Task requirements:
Pictures should be left out when the listing below is repeated word for word.

Provided information:
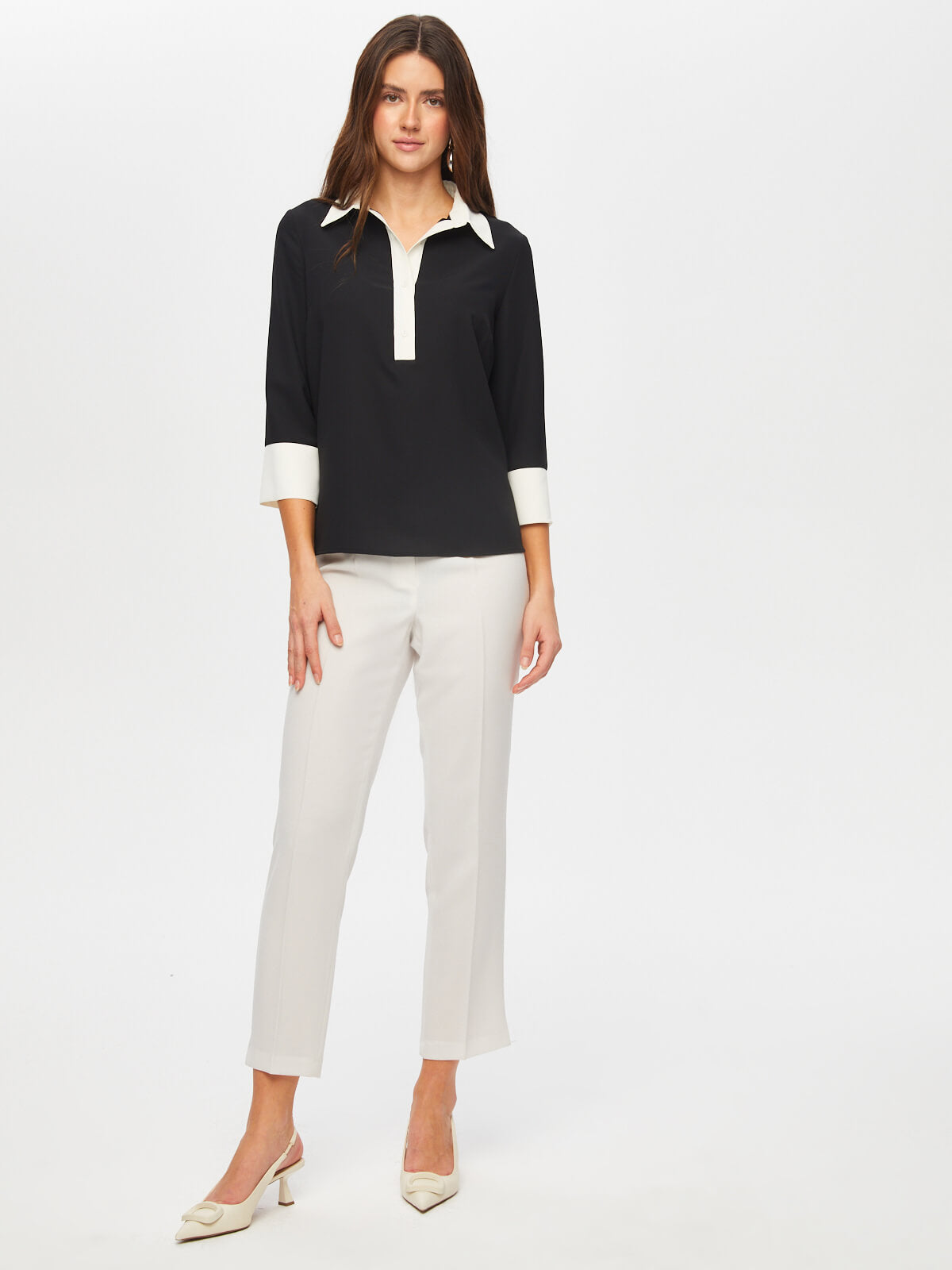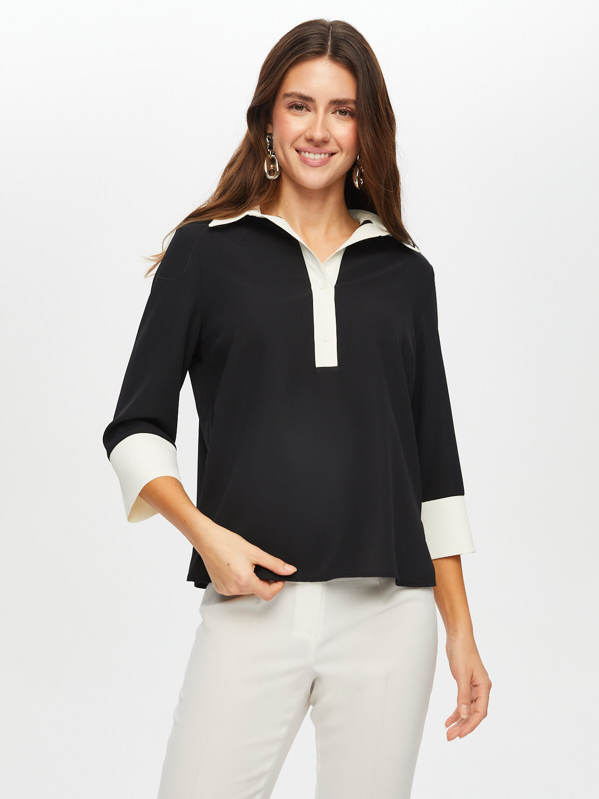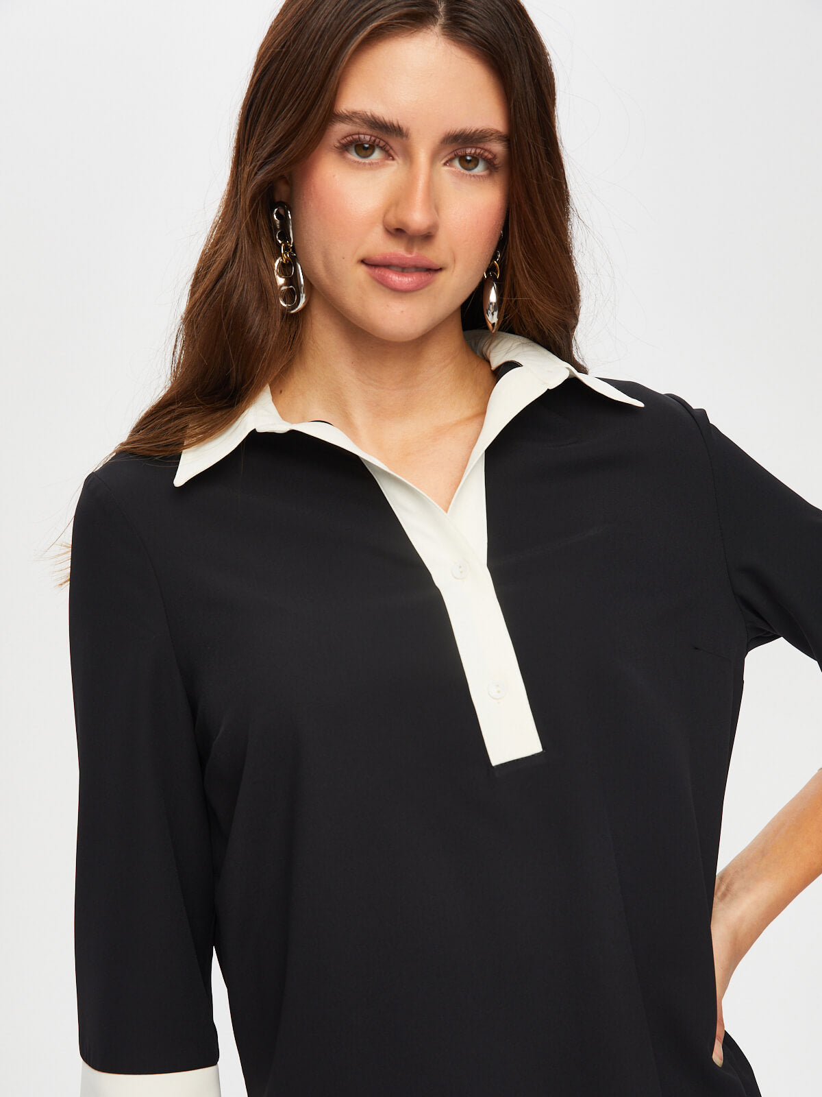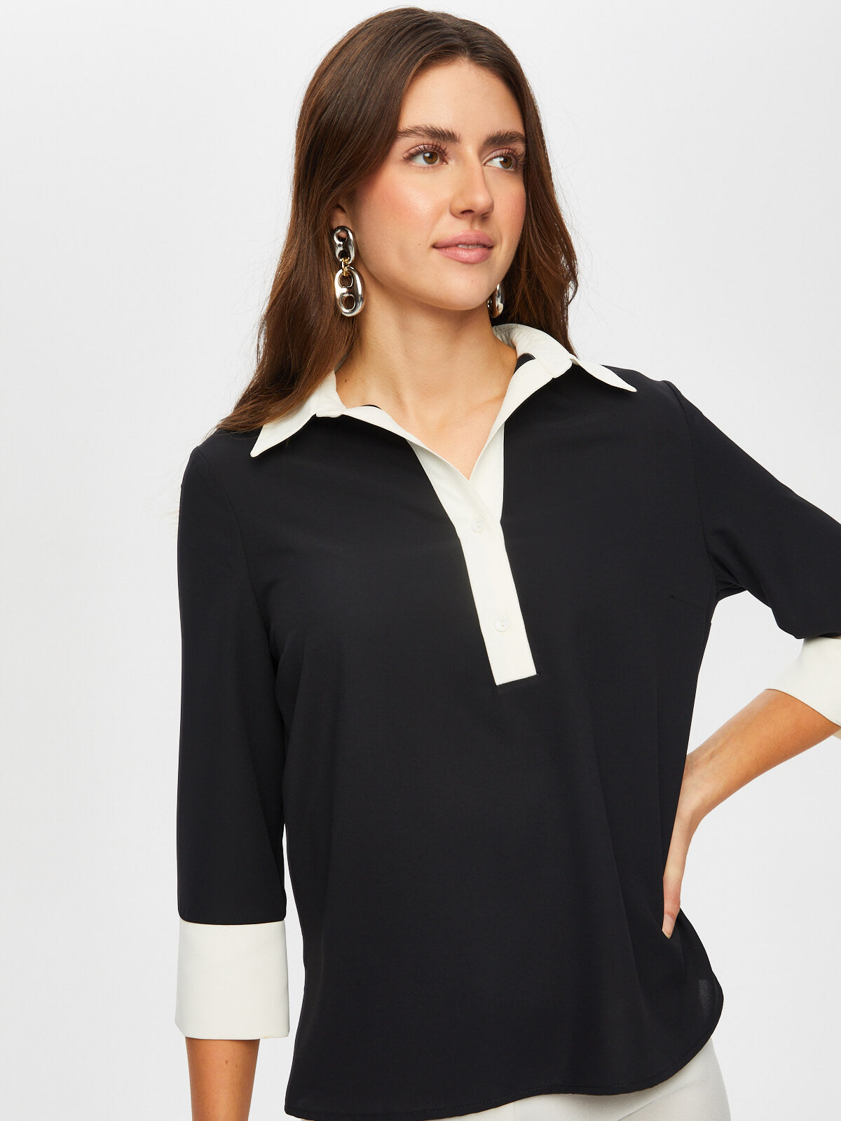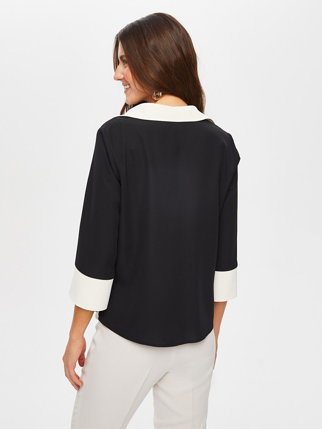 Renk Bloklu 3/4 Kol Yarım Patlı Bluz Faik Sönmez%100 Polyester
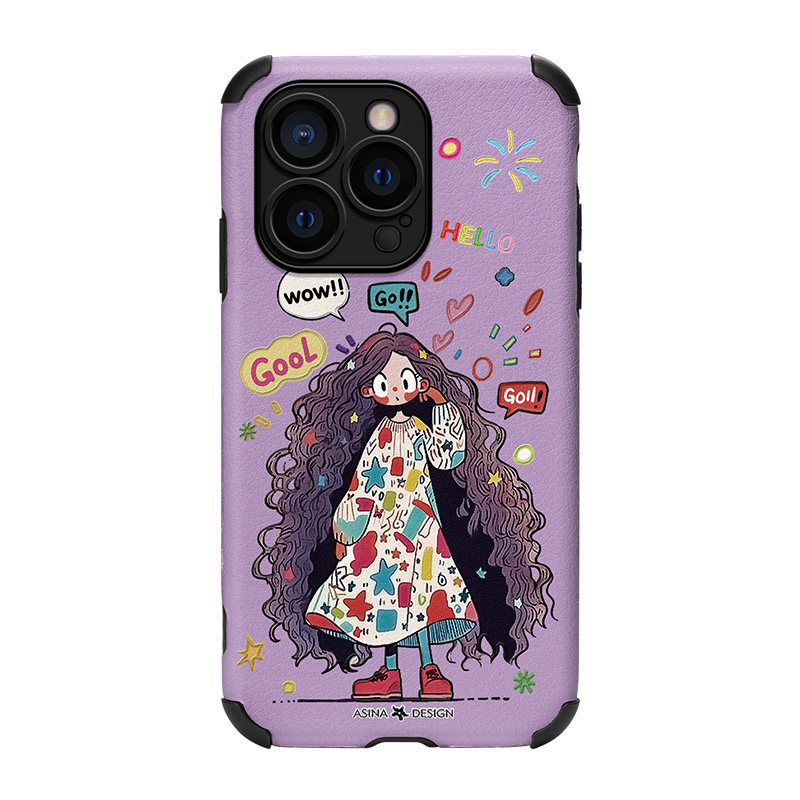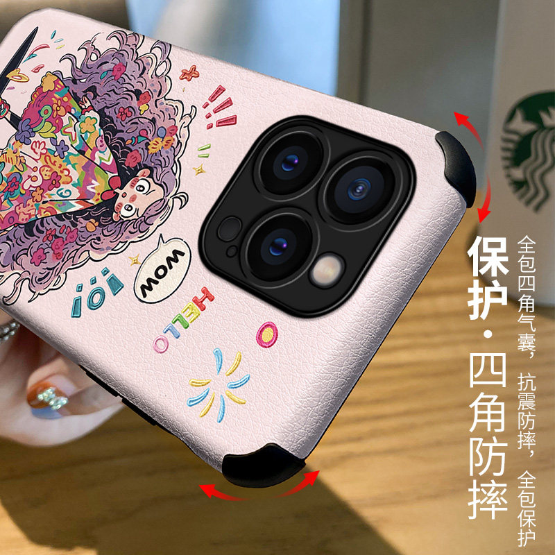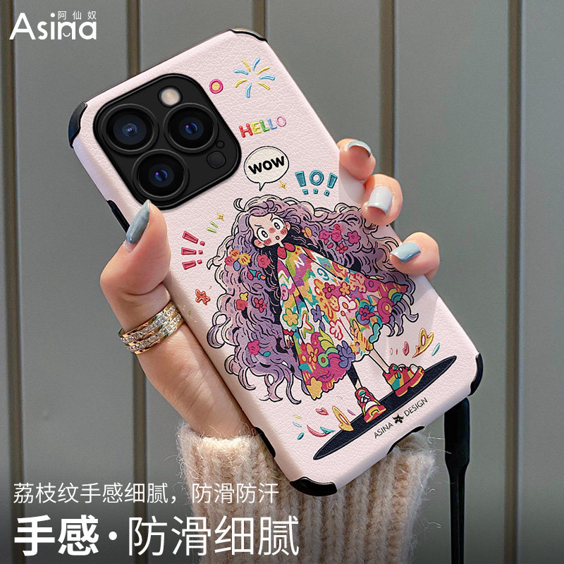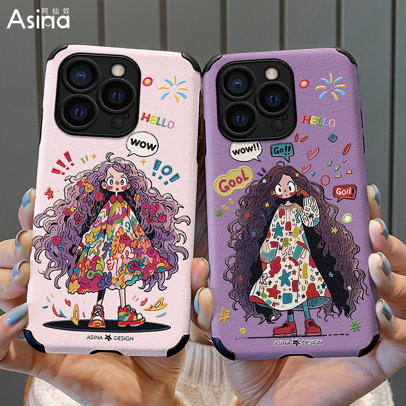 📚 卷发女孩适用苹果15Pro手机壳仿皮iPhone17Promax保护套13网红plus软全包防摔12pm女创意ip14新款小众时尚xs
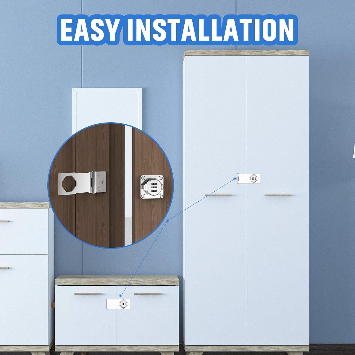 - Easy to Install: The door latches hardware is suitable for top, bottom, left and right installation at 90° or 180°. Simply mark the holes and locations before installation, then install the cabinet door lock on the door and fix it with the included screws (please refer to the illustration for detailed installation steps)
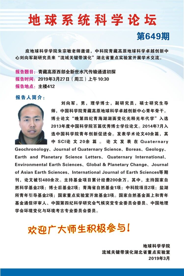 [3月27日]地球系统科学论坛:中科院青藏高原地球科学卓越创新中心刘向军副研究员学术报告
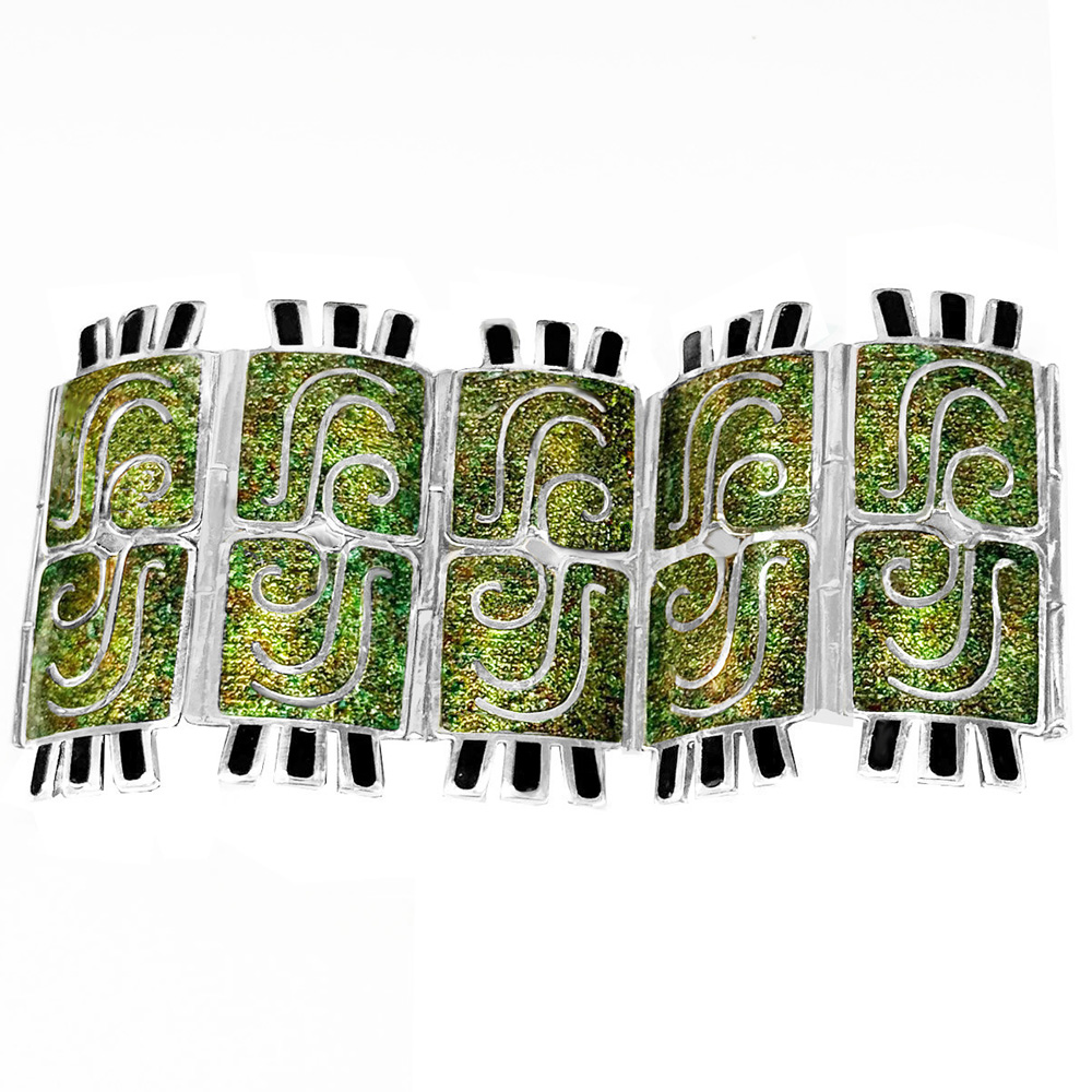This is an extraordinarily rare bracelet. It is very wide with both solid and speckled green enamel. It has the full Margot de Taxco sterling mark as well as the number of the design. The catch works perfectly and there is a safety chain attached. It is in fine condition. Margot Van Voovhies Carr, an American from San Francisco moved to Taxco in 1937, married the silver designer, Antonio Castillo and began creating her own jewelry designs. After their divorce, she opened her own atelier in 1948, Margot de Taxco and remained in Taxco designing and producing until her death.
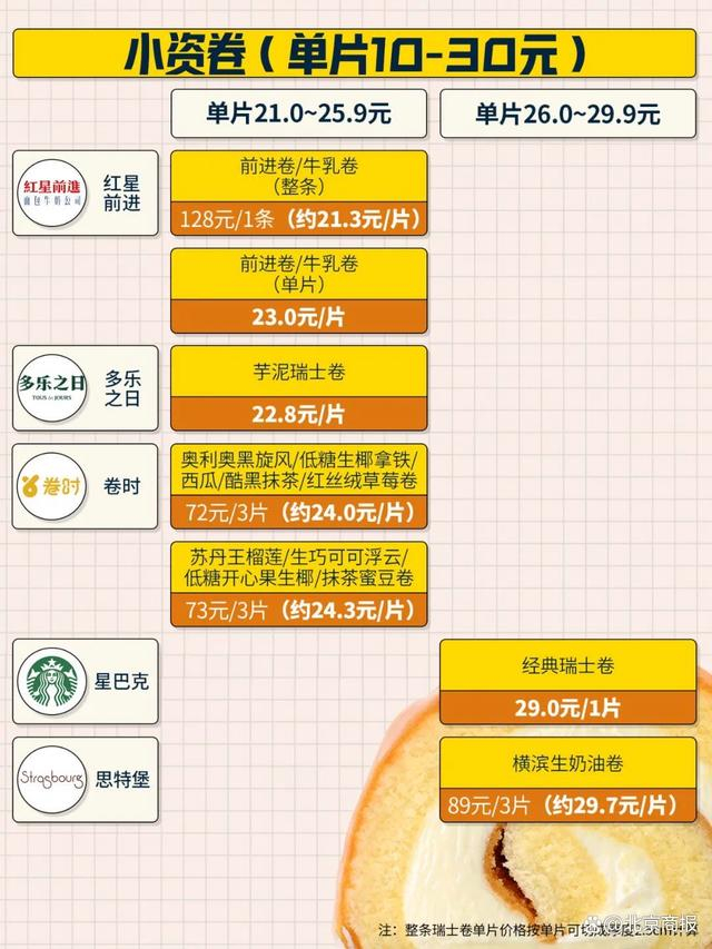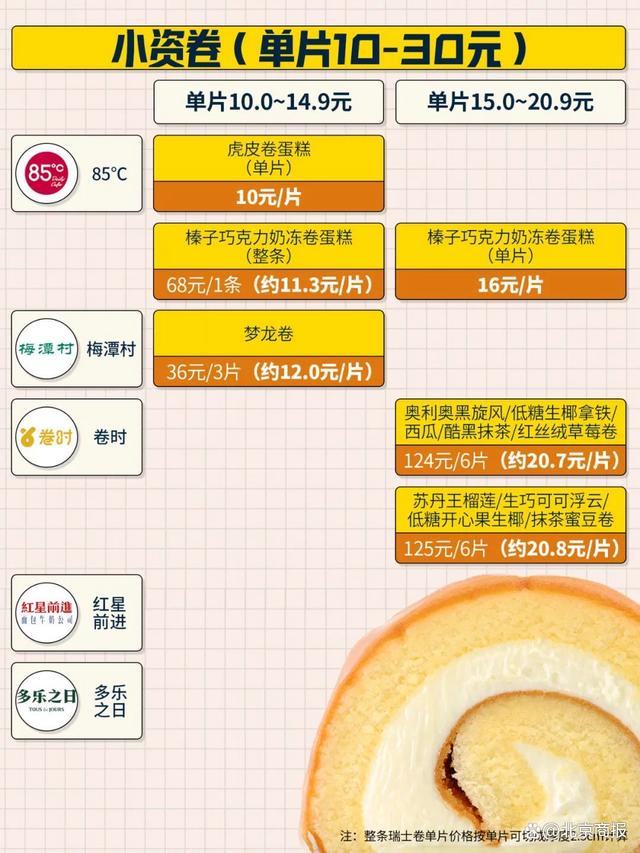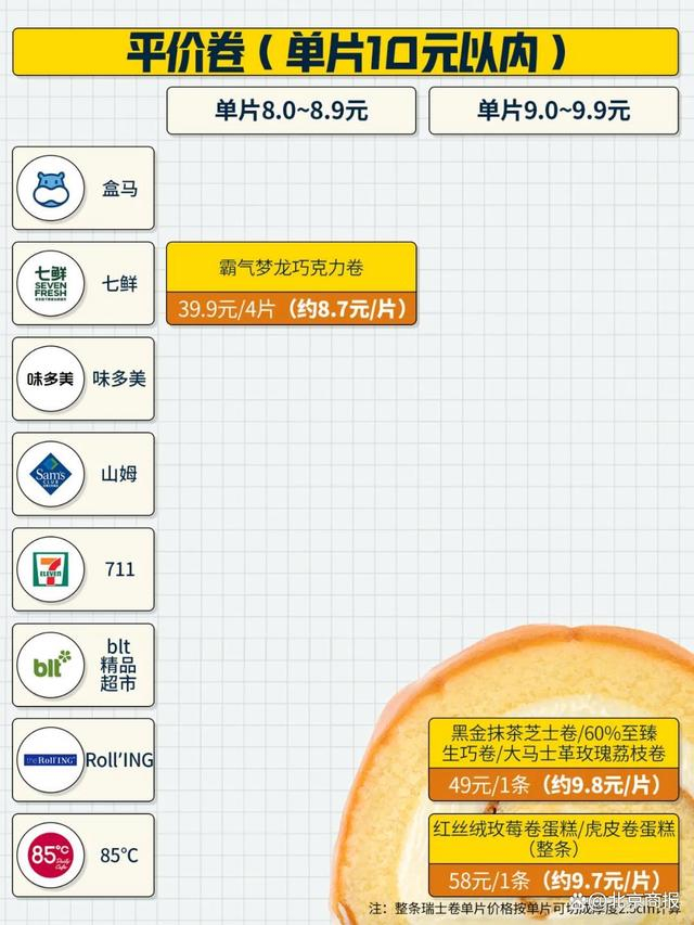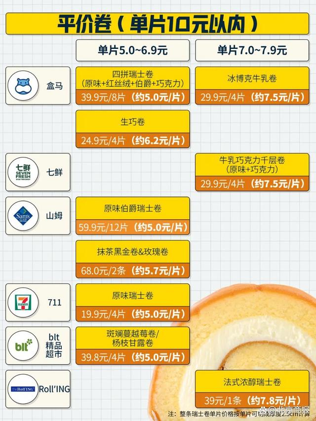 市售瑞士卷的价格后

Solution to this task:
 Renk Bloklu 3/4 Kol Yarım Patlı Bluz Faik Sönmez%100 Polyester
 📚 卷发女孩适用苹果15Pro手机壳仿皮iPhone17Promax保护套13网红plus软全包防摔12pm女创意ip14新款小众时尚xs
 - Easy to Install: The door latches hardware is suitable for top, bottom, left and right installation at 90° or 180°. Simply mark the holes and locations before installation, then install the cabinet door lock on the door and fix it with the included screws (please refer to the illustration for detailed installation steps)
 [3月27日]地球系统科学论坛:中科院青藏高原地球科学卓越创新中心刘向军副研究员学术报告
This is an extraordinarily rare bracelet. It is very wide with both solid and speckled green enamel. It has the full Margot de Taxco sterling mark as well as the number of the design. The catch works perfectly and there is a safety chain attached. It is in fine condition. Margot Van Voovhies Carr, an American from San Francisco moved to Taxco in 1937, married the silver designer, Antonio Castillo and began creating her own jewelry designs. After their divorce, she opened her own atelier in 1948, Margot de Taxco and remained in Taxco designing and producing until her death.
 市售瑞士卷的价格后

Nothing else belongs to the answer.